Diablo Cody was hot off an Oscar win for Best Original Screenplay following the success of her debut film, Juno. And Megan Fox was hot off a star-making turn in the Transformers franchise. So, the idea of them coming together for a horror-comedy film that allowed a female to be the villain, with a female director, to boot, was what we call in the biz a no-brainer. 

And then, ten years ago on September 18, 2009, the thing came out. And, reader, it was not a hit.

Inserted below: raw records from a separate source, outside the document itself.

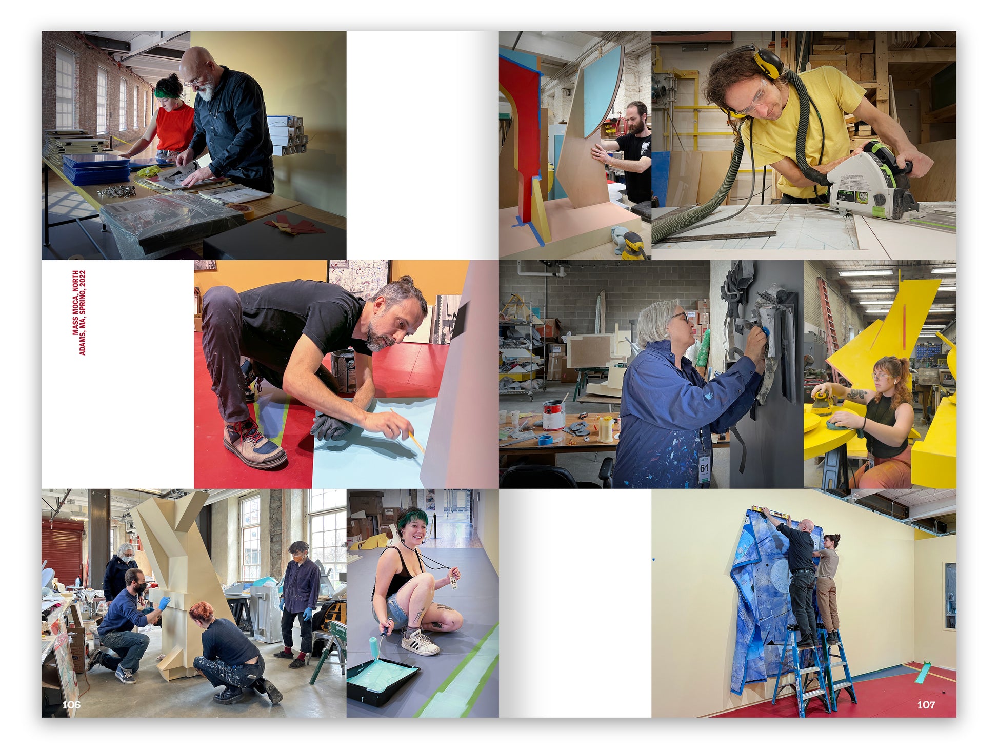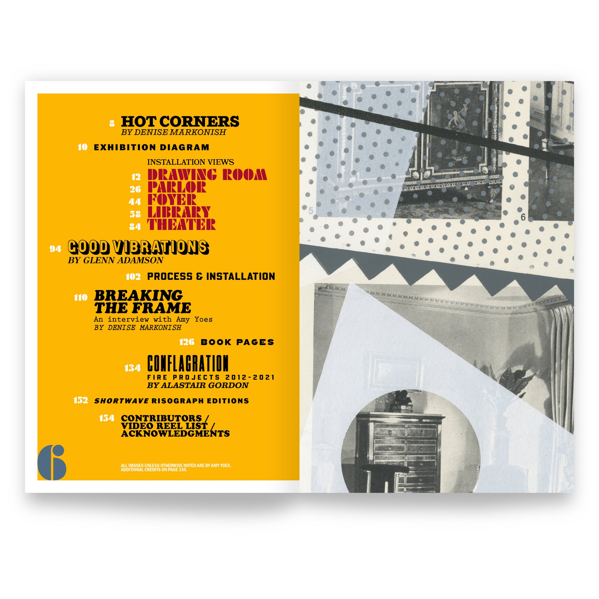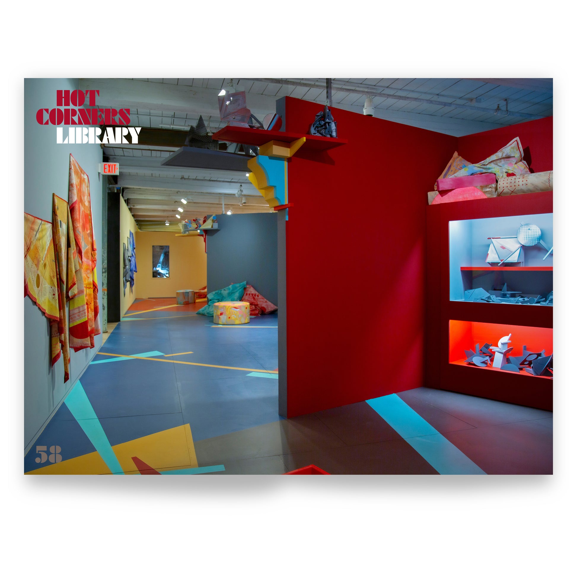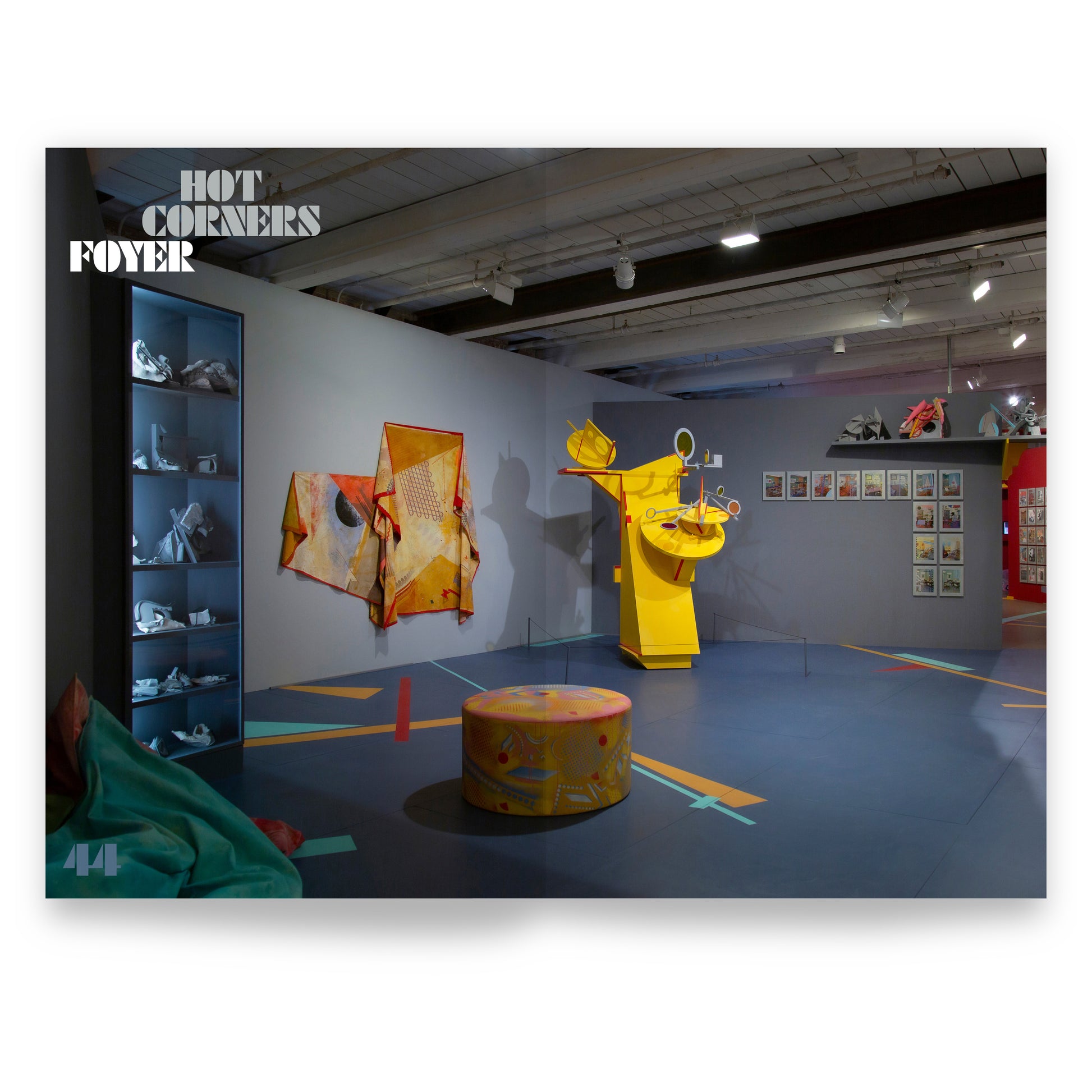 This vibrant artist book and trim monograph preserves the playfulness of Yoes’ beloved Building 6 installation, Hot Corners, wherein the artist transforms a 142-foot space into a multi-room, immersive complex with thematic forms and functions. Each of the installation’s five rooms — the Foyer, the Parlor, the Library, the Theatre, and the Drawing Room — are designed with custom-built mobile furniture acting as shifting set pieces for a variety of functions including artmaking, socializing, reflection, and performance. The catalogue is a gorgeous document of the MASS MoCA project and a deep dive into Yoes’ visual vocabulary.
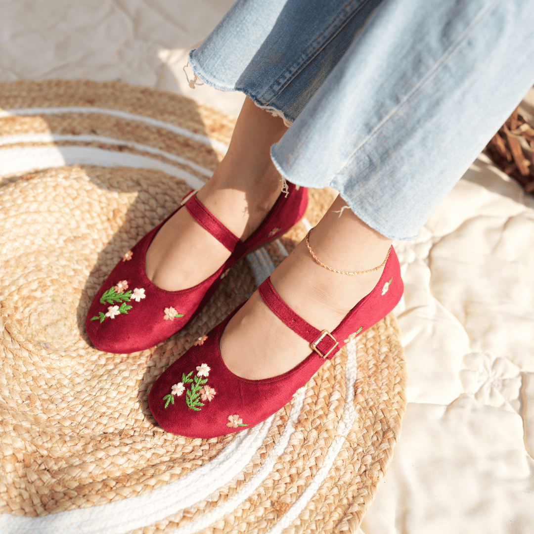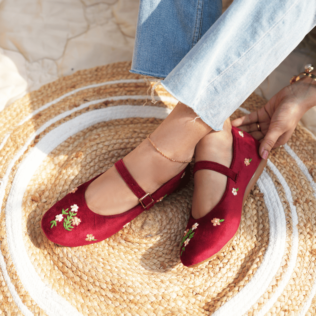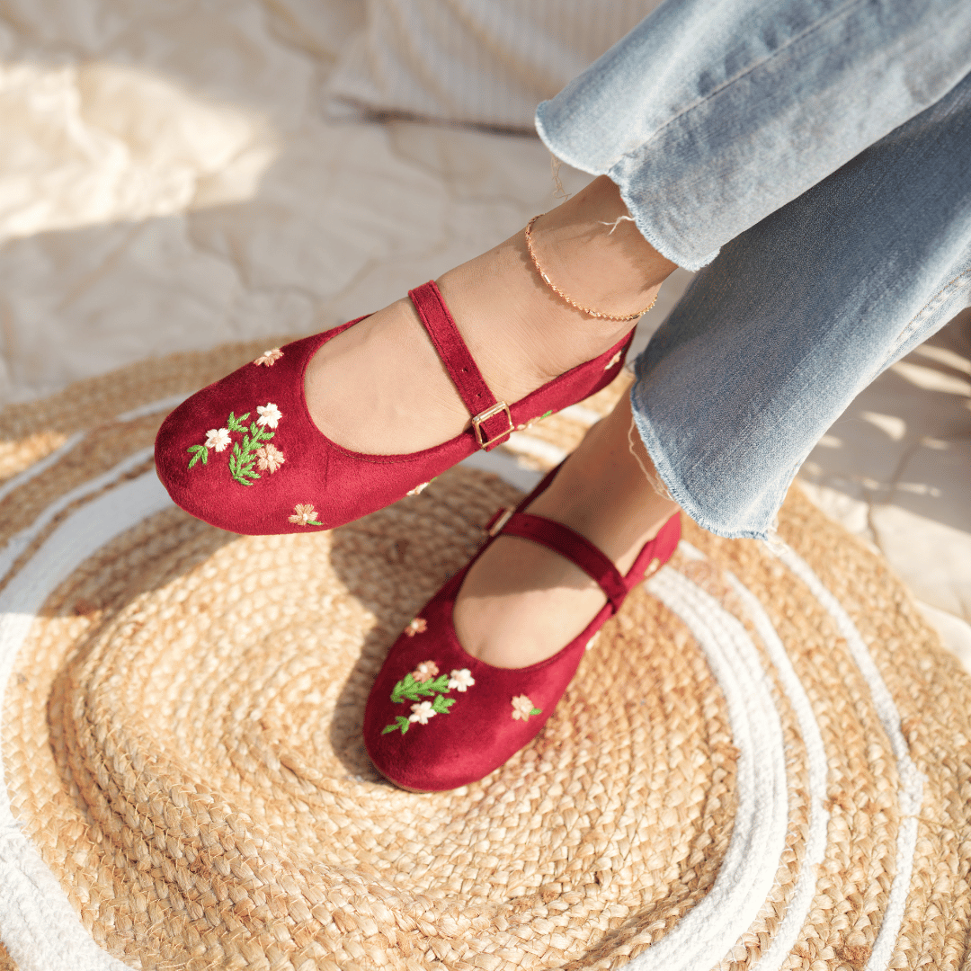 A delicate ballet pumps have intricate floral hand embroidery, made on maroon couture velvet. these pumps feature a slim strap and soft structure. Designed for broad feet.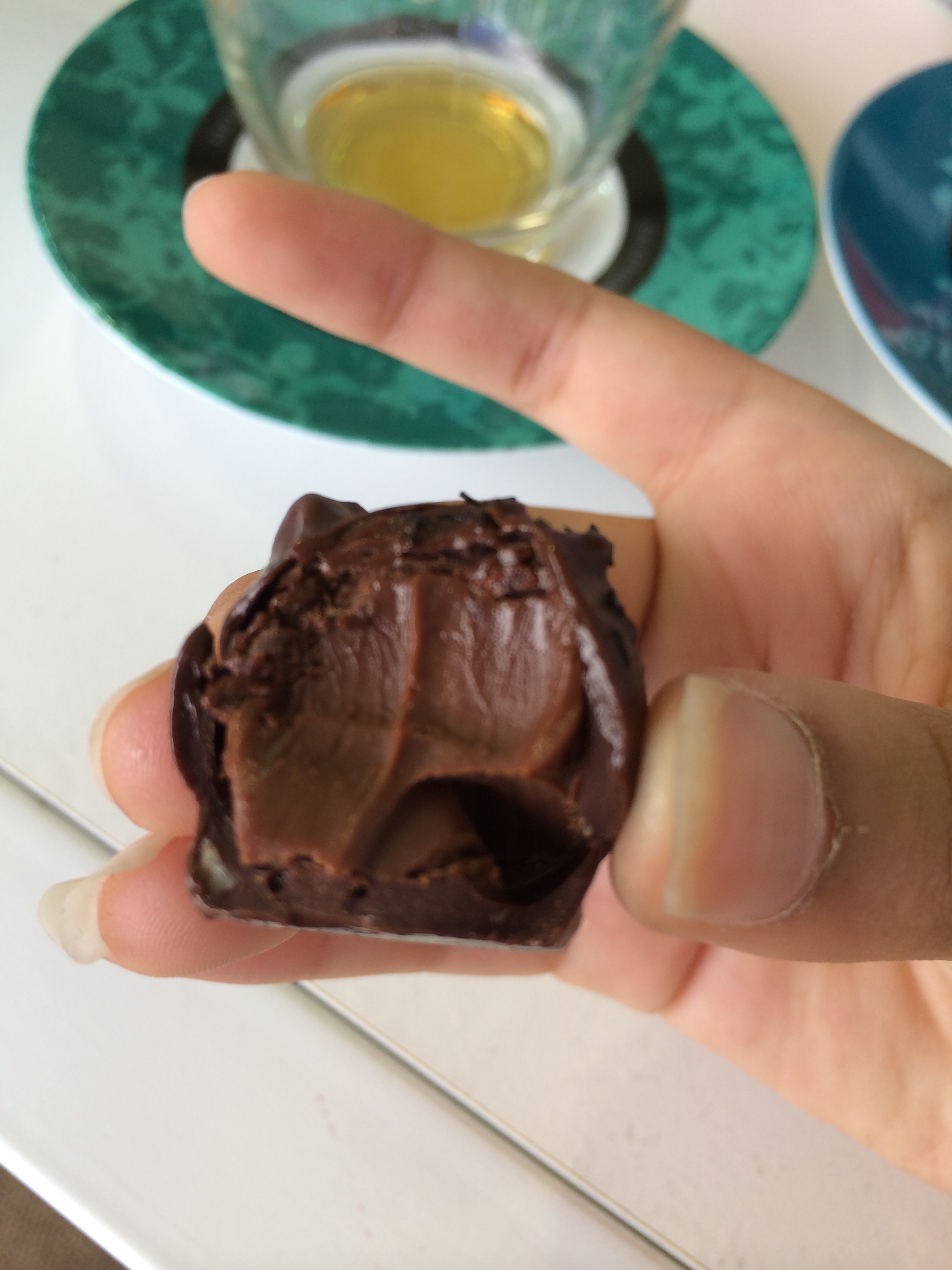 We now got an assortment of chocolate and teas placed in front of us! After trying theย Rose with French Vanilla,ย which Peter told us used a stronger tea because of rose’s intense flavour, we ate the Dilmah Roseย Tea Infused Flavoured Jelly dipped in chocolate with it. Soft and sweet, it complimented its drink component perfectly, and I was in heaven. It was his take on a turkish delight ๐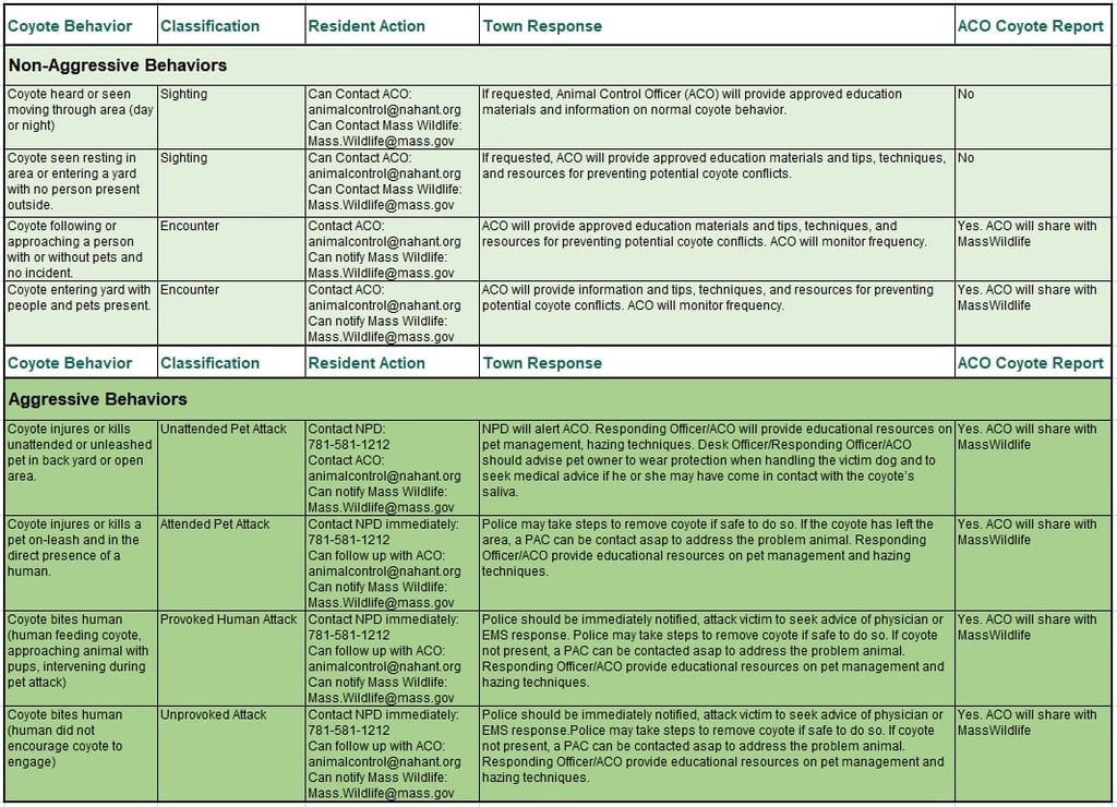 It is important that you report coyote behavior to the Town of Nahant. This will help identify a possible den location and allow the Town to notify residents through the Town website and through signage. This could prevent future conflict during this period. If you feel you or your pet is in immediate danger, call the Nahant Police Department at 781-581-1212. Please follow the matrix below on how to report coyote behavior to the Town based on the type of behavior you observed.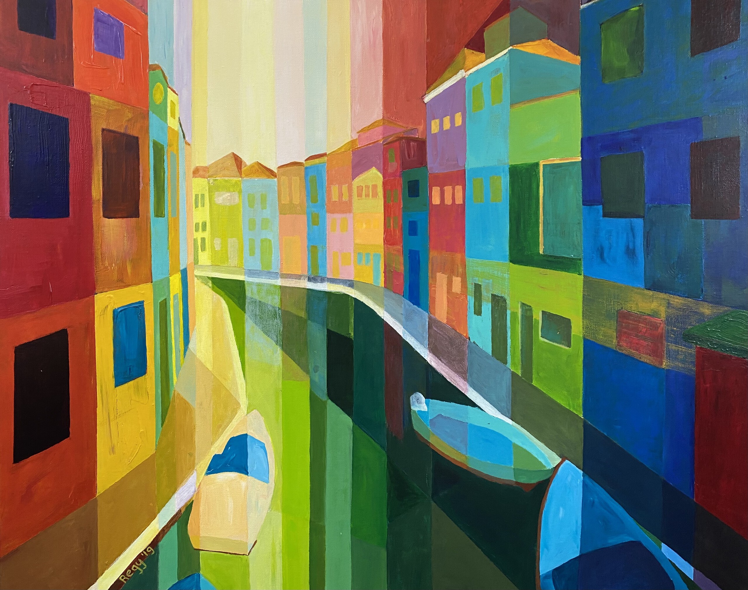 Een kleurrijke weergave van een Venetiaanse wijk op linnen doek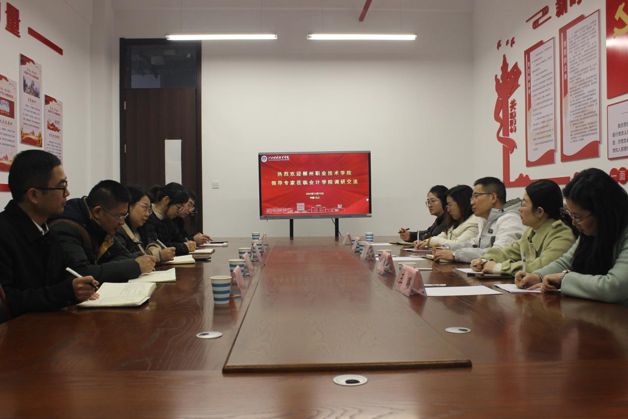 12月16日,郴州职业技术学院财政经济学院院长刘小海一行到访bat365会计学院进行交流,会计学院院长万凯,副院长谭玉林、齐洁,及学院办公室、教研室主任代表在洙泗学馆B308会议室接待。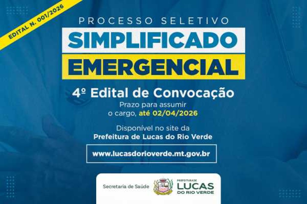A Prefeitura de Lucas do Rio Verde divulgou na manhã desta terça-feira (31), o quarto edital de convocação, referente ao Processo Seletivo Emergencial Simplificado (Edital n. 001/2026).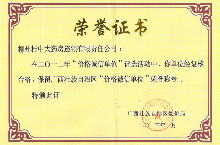 2013年區級“價格誠信單位”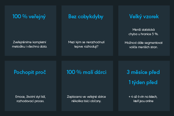 Nezávislý, dlouhodobý a detailní výzkum s přesnější behaviorální metodologií a přehledným on-line dashboardem. Žádné věštění budoucnosti, ale férový popis toho, mezi kým, jak a proč se lidé aktuálně rozhodují. Jaké mají názory? Emoce? Jak se jejich rozhodování vyvíjí? Koho nakonec opravdu volili?

Critics were not kind to the film, directed by Karen Kusama, which focused on two best friends, the nerdy Anita, or “Needy” (Amanda Seyfried), and popular Jennifer (Fox) as they find themselves increasingly at odds after an encounter with an indie rock band leaves the cheerleader irrevocably changed, possessed by a demon that craves the flesh of human boys.

The AV Club called it “clever for its own sake.”

The Star said it seemed like “something [Diablo Cody] seems to have dashed off in-between talk show appearances and updating her MySpace page with her latest caustic witticisms.” 

The Baltimore Sun claimed, “No one is going to like this movie for its brain,” while USA Today lamented the film was “not as hot as you hope it would be.”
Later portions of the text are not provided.